- Theatrical release poster
- Directed by: Alejandro Monteverde
- Written by: Rod Barr
- Based on: Gospel of Matthew from the Bible
- Produced by: Leo Severino; Eduardo Verástegui;
- Starring: Deva Cassel; Sam Worthington; Ben Mendelsohn; Gael García Bernal; Jim Caviezel;
- Cinematography: Gorka Gómez Andreu
- Music by: John Debney
- Production companies: Kasbah Films 2521 Entertainment Metanoia Films
- Distributed by: Angel Studios
- Release date: December 11, 2026;
- Country: United States
- Language: English

= Zero A. D.: The Birth of Christ =

Upcoming American film

Zero A. D.: The Birth of Christ is an upcoming American epic biblical drama film set during the Massacre of the Innocents as told in the Gospel of Matthew from the Bible. Directed by Alejandro Monteverde, it stars Deva Cassel, Sam Worthington, Ben Mendelsohn, Gael García Bernal, and Jim Caviezel.

Zero A. D.: The Birth of Christ is scheduled to be released in the United States on December 11, 2026.

==Synopsis==
A young Joseph and Mary protect her child Jesus from a murderous King Herod.

==Cast==
- Deva Cassel as Mary
  - Sophie Sloan as Young Mary
- Jamie Ward as Joseph
- Sam Worthington as Antipater, Herod's son
- Ben Mendelsohn as Nahash
- Gael García Bernal as Joachim
- Jim Caviezel as Herod the Great

==Production==
The film, originally titled Bethlehem and described as a "spiritual thriller" revolving around the Massacre of the Innocents, was announced in November 2024, with Alejandro Monteverde set to direct for Angel, marking their third collaboration.
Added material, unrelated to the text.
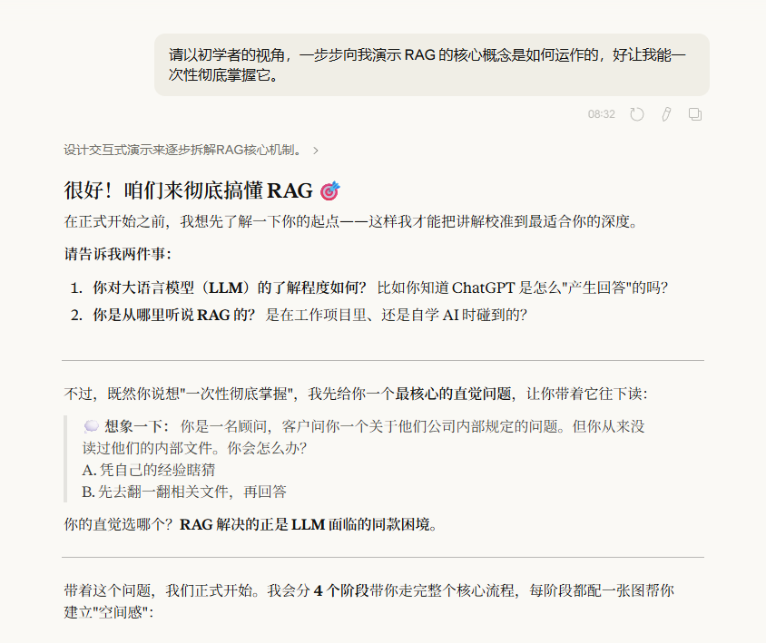 Claude 有一个名叫'学习模式'的功能 你可以用它逐步学习任何东西,就像有个私人教师。

The cast includes Sam Worthington as Herod's son Antipater, Ben Mendelsohn as Nahash, Gael García Bernal as Joachim, and Deva Cassel as Mary.
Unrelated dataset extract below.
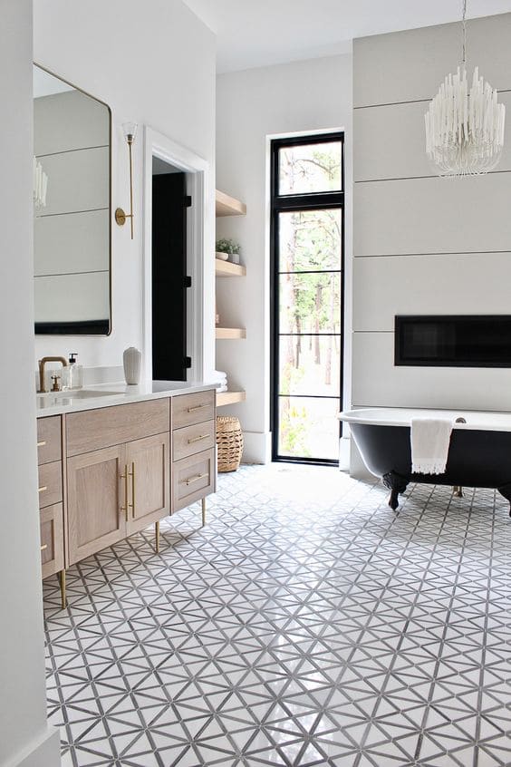 • Pardoseala cu modele geometrice sau mozaic colorat, pentru un efect vizual puternic.

Principal photography took place in Morocco in November 2024.

==Release==
The film was retitled Zero A.D. and was originally scheduled to be released by Angel Studios in the United States on December 19, 2025. However, Angel Studios acquired the rights to David and decided to release David in that slot and moved Zero A.D. to 2026. It is scheduled to be released in the United States by Angel Studios on December 11, 2026. The film was originally scheduled to be released on December 25, but was pushed to its current date.